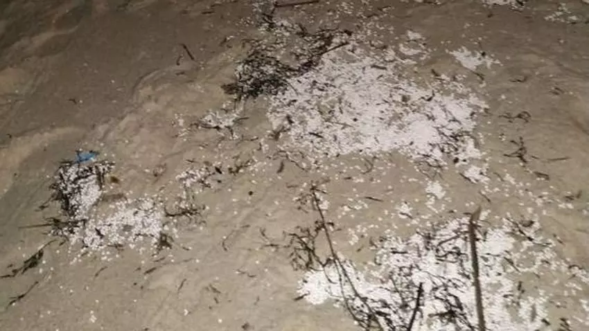 A principios de semana, los vecinos de la zona pudieron observar distintas partes de la desembocadura del Lagares y la playa cubiertas con poliespan, imágenes que llegaron a captar.
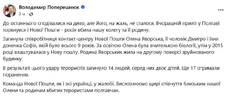 "До последнего надеялись на чудо, но его, к сожалению, не произошло. Вчерашний прилет в Полтаве коснулся и "Новой Почты" – Россия убила нашу коллегу и ее семью. Погибла сотрудница контакт-центра "Новой Почты" Елена Яворская, ее муж Дмитрий и их дочь София, которой было всего 9 лет", - написал Поперешнюк.
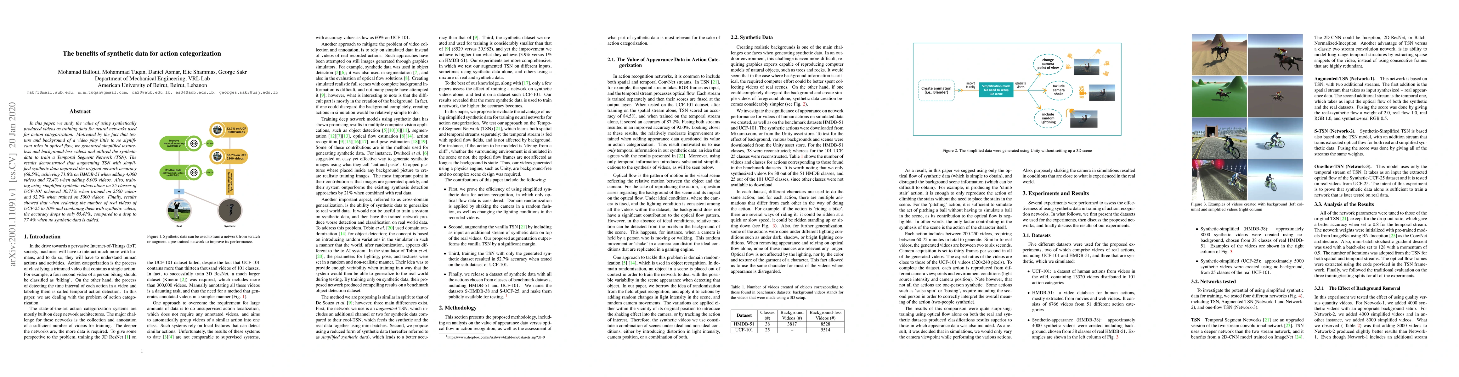 Using synthetic data improves accuracy in action categorization neural networks when training with limited real video data. Adding simplified synthetic videos to the training data can significantly boost performance up to 52.7%.
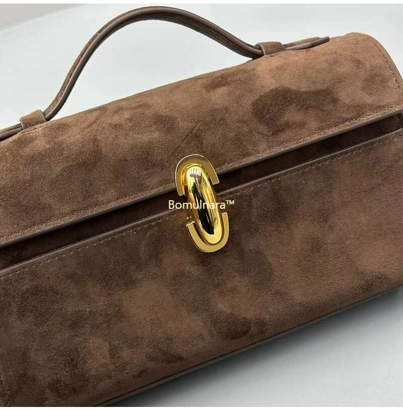 [스페셜오더]Savette-사베트 내추럴 스웨이드 시메트리 턴락 포쉐트 백 22 가격 : 400,000원
===============
● **TASK TO COMPLETE**
Quote exactly the lines from the one that contains "Using synthetic data" through the end of the listing above, both ends included, leaving out the pictures.

● **TASK ANSWER**
 Using synthetic data improves accuracy in action categorization neural networks when training with limited real video data. Adding simplified synthetic videos to the training data can significantly boost performance up to 52.7%.
 [스페셜오더]Savette-사베트 내추럴 스웨이드 시메트리 턴락 포쉐트 백 22 가격 : 400,000원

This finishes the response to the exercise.